3. From the Account page, select the Generate User Token button.

   

4. When the dialog appears, confirm that you want to generate a new token, and credentials will be generated.

   

5. In your Java SDK repo, add value of the Username field as a new GitHub Actions secret called MAVEN_USERNAME and the value of the Password field as a secret called MAVEN_PASSWORD.

   

note

You can learn more about creating Central Portal credentials in the Central Portal Documentation.

Generate GPG Key

The Central Repository requires all artifacts to be signed with PGP, such as using a GPG key. You will need to generate your own key pair, distribute it to the key server and obtain the private key, then set this as an other GitHub Actions secret.

The following steps will guide you through the process of creating a GPG key using GnuPG. If you already have a GPG key, you can skip this step. If you want to use a different tool to generate your GPG key, you will need to follow the relevant documentation for that tool.

1. Install GnuPG if you don't have it installed.

2. Initialize the key generation prompt by running:

   Terminal

   gpg --gen-key

3. Follow the instructions from gpg, and choose a passphrase

4. Once the key is generated, you will need to get the key id. This is the 40-character hex string on the second line of the pub section in the output from generating the key:

   Terminal

   public and secret key created and signed.
   
   pub   ed25519 2024-05-07 [SC] [expires: 2027-05-07]
         AB1C2D3456EF78A90BC12D34567890123456789E
   uid                      Exciting Soda <llama@exciting.soda>
   sub   cv25519 2024-05-07 [E] [expires: 2027-05-07]

5. Send the key to your key server, such as openpgp by running the following command:

   Terminal

   gpg --keyserver keys.openpgp.org --send-keys <key-id>

   Replace <key-id> with the key id you obtained in the previous step.

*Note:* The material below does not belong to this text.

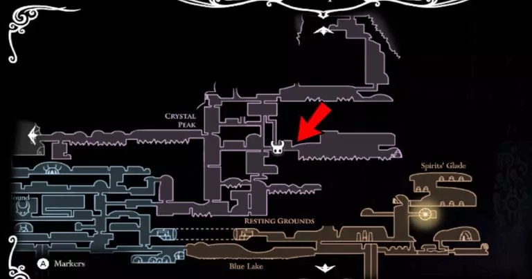 收集900个精华后,返回先知处。她会赋予你另一项能力——梦境之门,这其实就是《空洞骑士》中的一种快速旅行方式。你几乎可以在圣巢的任何位置使用梦境之门,直接传送到那里,非常实用。 暗影披风 到目前为止,你可能已经注意到一些带有暗能量的奇特墙壁,它们被称为暗影之门,你无法穿过。要最终进入这些门,你需要获得暗影披风,它可以看作是飞蛾披风的升级版。 首先,你需要找到国王印记。它位于王国边缘,具体位置如下: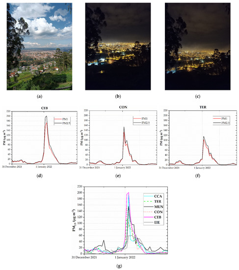 View of the city of Cuenca: (a) during the afternoon of 31 December 2021; (b) approximately 5 min before the midnight of 31 December 2021; (c) after the first 30 min of 1 January 2022. Hourly PM1 and PM2.5 concentrations on 31 December 2021 and 1 January 2022 measured at the CEB (d), CON (e), and TER (f) stations. (g) Hourly PM2.5 concentrations on 31 December 2021 and 1 January 2022.

6. Get the private key using the following command:

   Terminal

   gpg --export-secret-keys --armour <key-id>

   Replace <key-id> with your key id.

   Terminal

   ➜  ~ gpg --export-secret-keys --armour AB1C2D3456EF78A90BC12D34567890123456789E
   -----BEGIN PGP PRIVATE KEY BLOCK-----
   
   mDMEXEcE6RYJKwYBBAHaRw8BAQdArjWwk3FAqyiFbFBKT4TzXcVBqPTB3gmzlC/U
   b7O1u120JkFsaWNlIExvdmVsYWNlIDxhbGljZUBvcGVucGdwLmV4YW1wbGU+iJAE
   ExYIADgCGwMFCwkIBwIGFQoJCAsCBBYCAwECHgECF4AWIQTrhbtfozp14V6UTmPy
   MVUMT0fjjgUCXaWfOgAKCRDyMVUMT0fjjukrAPoDnHBSogOmsHOsd9qGsiZpgRnO
   dypvbm+QtXZqth9rvwD9HcDC0tC+PHAsO7OTh1S1TC9RiJsvawAfCPaQZoed8gK4
   OARcRwTpEgorBgEEAZdVAQUBAQdAQv8GIa2rSTzgqbXCpDDYMiKRVitCsy203x3s
   E9+eviIDAQgHiHgEGBYIACAWIQTrhbtfozp14V6UTmPyMVUMT0fjjgUCXEcE6QIb
   DAAKCRDyMVUMT0fjjlnQAQDFHUs6TIcxrNTtEZFjUFm1M0PJ1Dng/cDW4xN80fsn
   0QEA22Kr7VkCjeAEC08VSTeV+QFsmz55/lntWkwYWhmvOgE=
   =iIGO
   -----END PGP PRIVATE KEY BLOCK-----

7. Copy the output from this command, and add it to a new GitHub Actions secret called GPG_PRIVATE_KEY.

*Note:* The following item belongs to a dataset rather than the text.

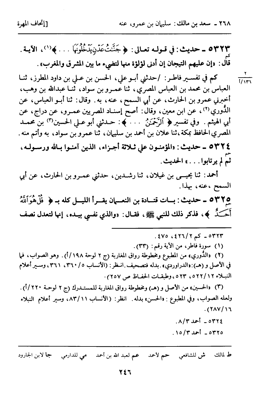 كم فِي تَفْسِيرِ فَاطِرٍ: حَدَّثَنِي أَبُو عَلِيٍّ الْحَسَنُ بْنُ عَلِيِّ بْنِ دَاوُدَ الْمُطَرِّزُ , ثنا الْعَبَّاسُ بْنُ مُحَمَّدِ بْنِ الْعَبَّاسِ الْمِصْرِيُّ , ثنا عَمْرُو بْنُ سَوَّادٍ , ثنا عَبْدُ اللَّهِ بْنُ وَهْبٍ , أَخْبَرَنِي عَمْرُو بْنُ الْحَارِثِ , عَنْ أَبِي السَّمْحِ , عَنْهُ , بِهِ. وَقَالَ: ثنا أَبُو الْعَبَّاسِ , عَنِ الدُّورِيِّ , عَنِ ابْنِ مَعِينٍ , وَقَالَ: أَصَحُّ إِسْنَادِ الْمِصْرِيِّينَ عَمْرٌو , عَنْ دَرَّاجٍ , عَنْ أَبِي الْهَيْثَمِ. وَفِي تَفْسِيرِ الرَّحْمَنِ: حَدَّثَنِي أَبُو عَلِيٍّ الْحُسَيْنُ بْنُ مُحَمَّدٍ الْمِصْرِيُّ الْحَافِظُ، بِمَكَّةَ , ثنا عَلانُ بْنُ أَحْمَدَ بْنِ سُلَيْمَانَ , ثنا عَمْرُو بْنُ سَوَّادٍ , بِهِ وَأَتَمَّ مِنْهُ.

8. Create another GitHub Actions secret called GPG_PASSPHRASE, and set this to the passphrase you chose when generating the key.

Go

Go package management differs from many other languages in that it does not require API tokens for publishing to the Go Packages repository. Unlike some ecosystems where API tokens are necessary to interact with package registries, Go relies on its module proxy system, which integrates seamlessly with GitHub.

As explained in the official publishing tutorial on Go's website, packages are published to the Go Packages repository by tagging a release on GitHub. The Create a release in GitHub section later in this tutorial provides a step-by-step guide on how to create a release in GitHub which will automatically trigger the publishing of the package to the Go Packages repository. Upon creating a release, it should not take longer than one hour for the package to become available on the Go Packages repository.